**INPUT DATA:**

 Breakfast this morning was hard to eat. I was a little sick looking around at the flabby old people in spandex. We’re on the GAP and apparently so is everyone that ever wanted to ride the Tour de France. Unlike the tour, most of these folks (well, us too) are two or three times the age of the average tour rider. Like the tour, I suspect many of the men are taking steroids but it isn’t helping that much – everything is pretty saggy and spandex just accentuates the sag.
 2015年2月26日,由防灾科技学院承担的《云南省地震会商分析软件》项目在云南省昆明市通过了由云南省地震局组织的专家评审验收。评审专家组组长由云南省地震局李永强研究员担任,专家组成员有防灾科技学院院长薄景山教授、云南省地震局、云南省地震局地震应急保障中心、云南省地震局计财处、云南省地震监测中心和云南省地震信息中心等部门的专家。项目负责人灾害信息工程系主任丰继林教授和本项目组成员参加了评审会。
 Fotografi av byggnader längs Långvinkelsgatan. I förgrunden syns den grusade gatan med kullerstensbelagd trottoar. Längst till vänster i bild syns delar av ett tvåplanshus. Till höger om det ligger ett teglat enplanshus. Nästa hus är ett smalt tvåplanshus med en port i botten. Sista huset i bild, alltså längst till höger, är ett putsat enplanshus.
---
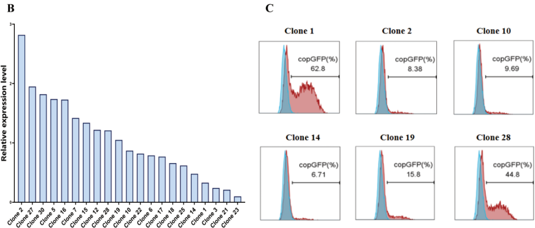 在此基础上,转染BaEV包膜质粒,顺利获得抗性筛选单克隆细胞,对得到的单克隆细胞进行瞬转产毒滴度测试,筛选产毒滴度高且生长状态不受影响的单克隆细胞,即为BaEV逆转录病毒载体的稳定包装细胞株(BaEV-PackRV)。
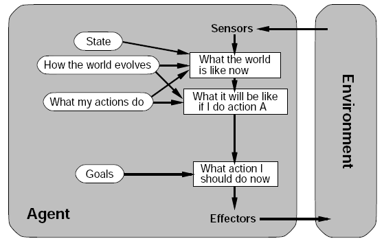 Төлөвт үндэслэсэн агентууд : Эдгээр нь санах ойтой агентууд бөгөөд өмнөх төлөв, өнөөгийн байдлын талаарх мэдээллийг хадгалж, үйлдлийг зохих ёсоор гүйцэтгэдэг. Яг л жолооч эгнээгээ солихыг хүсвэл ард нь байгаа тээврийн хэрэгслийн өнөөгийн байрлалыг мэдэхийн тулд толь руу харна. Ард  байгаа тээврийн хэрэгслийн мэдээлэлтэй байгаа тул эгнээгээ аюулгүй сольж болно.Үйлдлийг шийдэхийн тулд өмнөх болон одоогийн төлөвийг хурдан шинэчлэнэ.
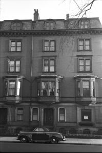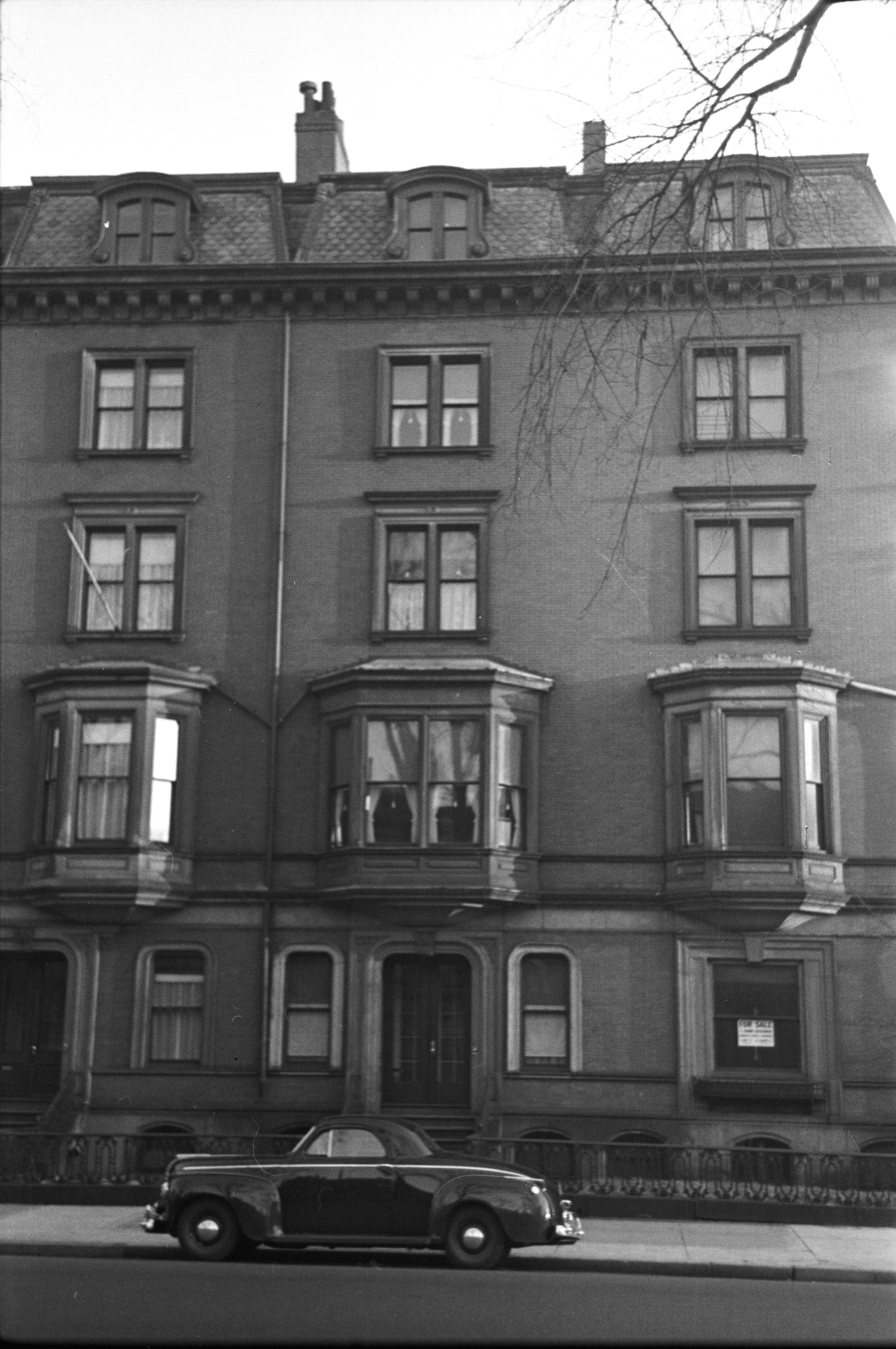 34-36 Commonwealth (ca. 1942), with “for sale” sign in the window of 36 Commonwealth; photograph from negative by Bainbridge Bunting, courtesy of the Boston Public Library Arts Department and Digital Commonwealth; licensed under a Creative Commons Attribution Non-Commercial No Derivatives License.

**DESCRIPTION OF THE TASK:** Could you set down, word for word, only the lines above from the line with "Breakfast this morning" to the line with "2015年2月26日,由防灾", including both?

**SOLUTION TO THIS EXERCISE:**
 Breakfast this morning was hard to eat. I was a little sick looking around at the flabby old people in spandex. We’re on the GAP and apparently so is everyone that ever wanted to ride the Tour de France. Unlike the tour, most of these folks (well, us too) are two or three times the age of the average tour rider. Like the tour, I suspect many of the men are taking steroids but it isn’t helping that much – everything is pretty saggy and spandex just accentuates the sag.
 2015年2月26日,由防灾科技学院承担的《云南省地震会商分析软件》项目在云南省昆明市通过了由云南省地震局组织的专家评审验收。评审专家组组长由云南省地震局李永强研究员担任,专家组成员有防灾科技学院院长薄景山教授、云南省地震局、云南省地震局地震应急保障中心、云南省地震局计财处、云南省地震监测中心和云南省地震信息中心等部门的专家。项目负责人灾害信息工程系主任丰继林教授和本项目组成员参加了评审会。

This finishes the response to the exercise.